While parsing a text file with hundreds of lines using Python 3.12, I have been stumbling on how to extract substrings from different line strings that have multiple parentheses, such as the following:
line1: 'group(something)'
line2: 'other(something) and group(something,something,something) and not group(something,something)'
I’m only interested in extracting the ‘something’/s from the ‘group()’ or ‘not group()’.
I have tried to define and use a function that can be able to handle the extraction of the ‘something’ inside of each ‘group()’:
def find_within(search_in, search_for, until):
return search_in[search_in.find(search_for) + len(search_for) : search_in.find(until)]
group1 = find_within(line1, 'group(', ')') # extracting group from the first line
group2 = find_within(line2, 'and group(', ')') # extracting group from the second line
not_group = find_within(line2, 'not group(', ')') # extracting 'not group' from the second line
This function can handle extraction from the lines that have only a single ‘group()’ like line1 but not the lines with multiple items like line2. It would spit out null instead.
I tried to modify the function by using ‘rfind’ as in:
def find_within(search_in, search_for, until):
return search_in[search_in.find(search_for) + len(search_for) : search_in.rfind(until)]

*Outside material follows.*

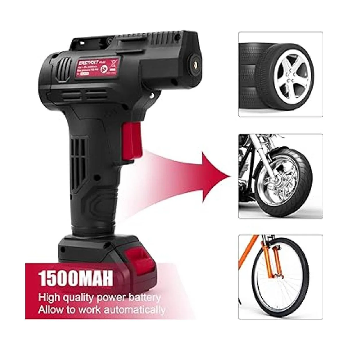 El compresor de aire recargable de 1500 mAh se puede encender rápidamente. Puede inflar coches, bicicletas, motocicletas, pelotas y juguetes inflables muy rápidamente.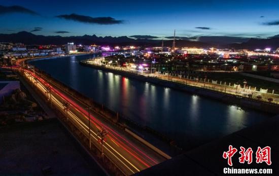 夜幕下狮泉河穿城而过,两岸灯火通明。

but the output was something like this: something,something,something) and not group(something,something
, while I expected:
group1 = 'something'
group2 = 'something,something,something'
not_group = 'something,something'
It seems like the .find() looks for the first occurrence of the parenthesis, so when I’m seeking to extract the ‘something’ that is in the middle of the string, the .find() looks at the closing parenthesis from a pair at the beginning of the string ahead of the ‘group(something)’, so it comes up with a ”.
And the .rfind() looks for the last occurrence of the parenthesis, so it extracts everything until the last parenthesis in the string.
Is there a better way of dealing with .find() or do I need to resort to RegEx?
Thank you in advance.